The Federal Reserve of the United States (Fed) released the minutes of its January monetary policy meeting today. Most officials pointed out the “risk of excessive rate cuts” and planned to proceed cautiously with interest rate cuts. At the same time, officials also indicated that they are considering the appropriate time to start slowing down the balance sheet reduction.
According to CNBC and Reuters, most Fed officials at the meeting in late January “highlighted the risk of a too-easy policy stance and emphasized the importance of carefully assessing the data to judge if inflation rates will continue to decline to the 2% target,” and “participants emphasized the uncertainty about how long the restrictive policy stance needed to be maintained in order to return inflation to the 2% target.”
It is worth noting that only a few officials pointed out that “waiting too long for rate cuts” could pose downside risks to the economy, and they do not seem to be concerned about the potential negative impact of maintaining high interest rates. The minutes also mentioned that officials judged that interest rates may have peaked but that it is not yet time to lower them.
According to Bloomberg, Michelle Bowman, a usually more hawkish Fed governor, publicly stated on Wednesday that the current economic environment is not sufficient to warrant a rate cut. As for when a rate cut might be initiated, Bowman responded, “Certainly not now.”
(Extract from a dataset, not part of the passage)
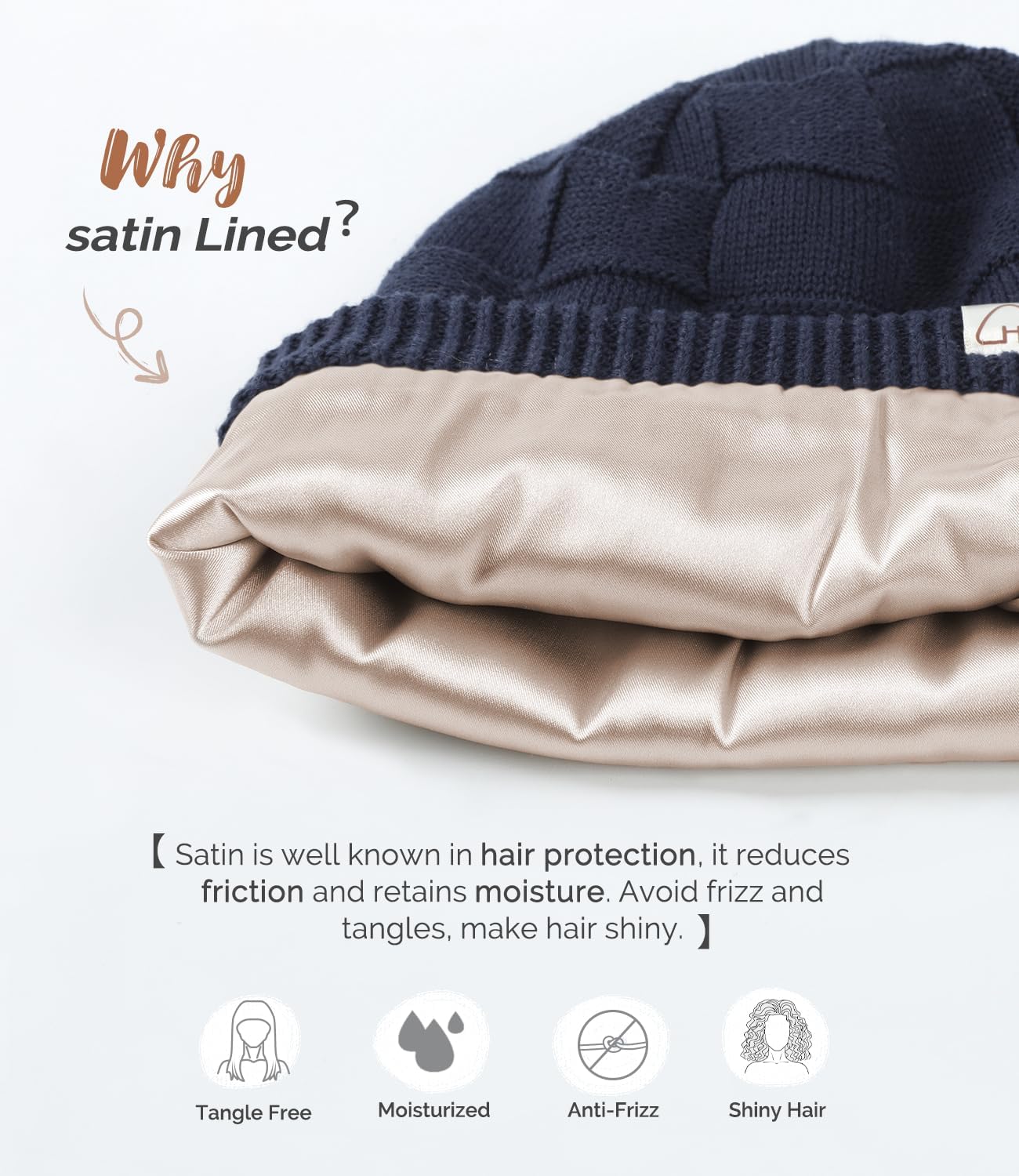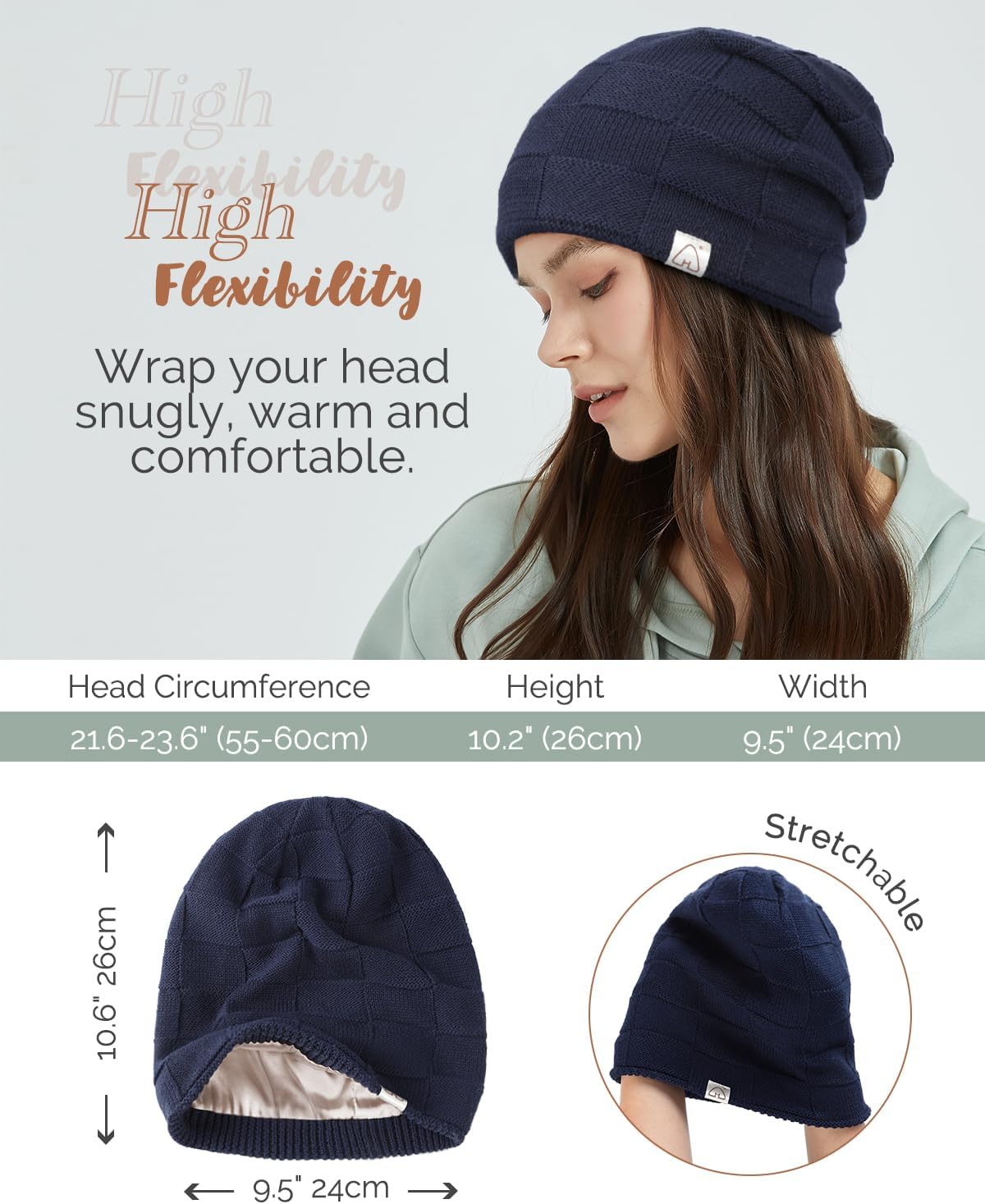 Hat Hut Womens Beanie Satin Lined Beanie Winter Hats for Women Men, Silk Lined Slouchy Beanie Hats Soft Warm Ski Hat Unisex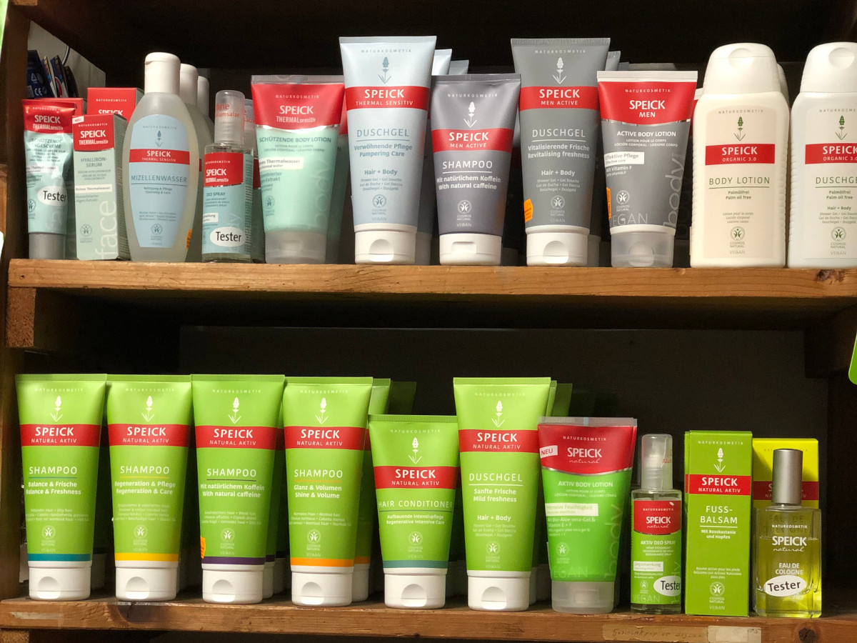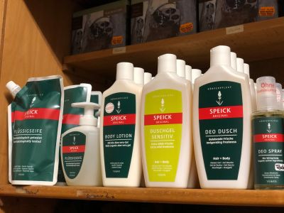 Die Serien Speick Men und Men Active widmen sich speziell den Pflegebedürfnissen der Männer. Ihr findet alles, was ihr für euren Körper benötigt: Duschgel, Deo Stick, Rasierschaum, Rasierseife und After Shave. Der ausdrucksstarke, erfrischend-belebende, maskuline Duft macht jede Anwendung zum Verwöhnmoment. Aber auch für alle weiblichen Speick-Liebhaberinnen gibt es tolle Produkte in unseren Regalen: verschieden duftende Seifen, Bodylotion, Gesichtspflege, Shampoo.

Furthermore, in the previous month’s meeting, most officials expressed an optimistic and cautious stance on the prospects of lower inflation, believing that the risks of inflation rebounding have diminished. They stated that “rental prices declining, labor supply improving, and productivity increasing could all contribute to further slowing of inflation this year.” However, some officials also mentioned that the risks of higher inflation still exist, and they are “closely monitoring” the risk of inflation rebounding, noting that “momentum in overall demand might be stronger than currently assessed, particularly considering the remarkable resilience of consumer spending last year.”
Simultaneously, the minutes also indicated that Fed officials are considering starting to slow down the pace of balance sheet reduction. Balance sheet reduction is the second monetary tightening tool used by the Fed, in addition to rate hikes. The detailed operation involves the Fed reducing holdings of U.S. Treasury bonds, agency debt, and mortgage-backed securities (MBS) to shrink its balance sheet and withdraw the liquidity released into the market during the pandemic.
However, officials want to proceed cautiously with the timing of slowing down the balance sheet reduction, fearing potential disruptions to the financial markets. They decided to start a more in-depth discussion on the issue at the March meeting.
After the release of the January meeting minutes, the market’s reaction was relatively muted, with mixed fluctuations in U.S. stocks and a slight increase in the two-year Treasury yield.
The Dow Jones Industrial Average rose 48.44 points or 0.13%, closing at 38,612.24 points.
The NASDAQ fell 49.91 points or 0.32%, closing at 15,580.87 points.
The S&P 500 rose 6.29 points or 0.13%, closing at 4,981.80 points.
The Philadelphia Semiconductor Index fell 10.51 points or 0.24%, closing at 4,446.36 points.
The market’s expectations for the pace of rate cuts by the Fed this year have remained almost unchanged. The CME Group’s Fed Watch tool indicates that traders expect a slightly over 50% probability of the Fed initiating a rate cut of 25 basis points in June, and the number of rate cuts within 2024 has decreased from an initial estimate of 6 to the current 4. The Fed’s dot plot in December indicated that there would be 3 rate cuts this year.
As for Bitcoin, its price continued to fluctuate after hitting a daily low of $50,625 last night. It rebounded over 2.5% this morning, reaching a high of $51,950. As of the deadline, it was reported at $51,803.